IP-Based Rate Limiting
Protect your services from potential abuse by limiting requests per IP address:
1
2
3
4
5
6
7
8
9
max_dynamic_descriptors: 20000
descriptors:
- entries:
- key: "remote_address"
value: "" # Wildcard - matches any IP
token_bucket:
max_tokens: 50
tokens_per_fill: 50
fill_interval: 60s
Performance Considerations
The implementation is designed to be efficient, with the LRU cache mechanism providing a good balance between flexibility and resource usage. However, there are a few considerations to keep in mind:
- Memory Usage: Each dynamic descriptor consumes memory. Set the
max_entries
appropriately for your environment. - Eviction Behavior: If a descriptor is evicted and then re-encountered, its rate limit counter effectively resets. Size your cache appropriately to minimize unwanted evictions.
Conclusion
The addition of dynamic descriptor entries to Envoy’s local rate limiting capabilities represents a significant enhancement to Envoy’s traffic management toolkit. By allowing wildcard values in descriptor entries, we’ve simplified configuration while making it possible to apply fine-grained rate limits based on any request attribute without prior knowledge of all possible values.

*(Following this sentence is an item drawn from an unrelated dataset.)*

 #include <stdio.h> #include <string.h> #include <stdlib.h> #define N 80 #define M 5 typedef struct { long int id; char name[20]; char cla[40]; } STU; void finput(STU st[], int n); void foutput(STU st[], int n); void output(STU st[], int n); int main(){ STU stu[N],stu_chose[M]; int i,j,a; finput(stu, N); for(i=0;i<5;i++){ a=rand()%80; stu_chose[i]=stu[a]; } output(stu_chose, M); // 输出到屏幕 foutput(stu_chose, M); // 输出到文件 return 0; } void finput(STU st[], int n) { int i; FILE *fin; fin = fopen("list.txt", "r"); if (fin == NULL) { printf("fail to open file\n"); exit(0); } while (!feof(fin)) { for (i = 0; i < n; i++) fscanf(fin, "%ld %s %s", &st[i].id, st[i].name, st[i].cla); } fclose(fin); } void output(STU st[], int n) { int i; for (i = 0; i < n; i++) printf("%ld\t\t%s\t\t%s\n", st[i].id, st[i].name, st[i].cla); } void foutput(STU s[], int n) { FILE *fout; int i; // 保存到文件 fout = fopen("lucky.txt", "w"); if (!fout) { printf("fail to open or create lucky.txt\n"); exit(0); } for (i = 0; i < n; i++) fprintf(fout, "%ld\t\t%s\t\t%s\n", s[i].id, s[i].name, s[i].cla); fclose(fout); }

This feature has been a long-requested capability in the Envoy community, and I’m pleased to see it already being adopted in projects like Envoy Gateway. By enabling dynamic per-entity rate limiting without external dependencies, we’ve made it easier for service owners to implement fair usage policies and protect their services from excessive traffic.
This enhancement is particularly valuable for the numerous control plane projects that use Envoy as their data plane, including Istio, Contour, Emissary, and Envoy Gateway. These projects can now provide their users with more flexible rate limiting options without requiring external rate limiting services.
Next Steps
If you’re interested in using this feature:
- Ensure you’re running a version of Envoy that includes this enhancement (post-February 2024)
- Update your local rate limit filter configurations to use empty values for descriptor entries where you want dynamic behavior
- Configure appropriate
max_dynamic_descriptors
values based on your expected number of unique values - Monitor memory usage and adjust as needed
If you’re a maintainer or user of a control plane that uses Envoy as its data path, I encourage you to explore this feature and consider how it might simplify your rate limiting strategies.
Feedback and contributions are always welcome!!!!.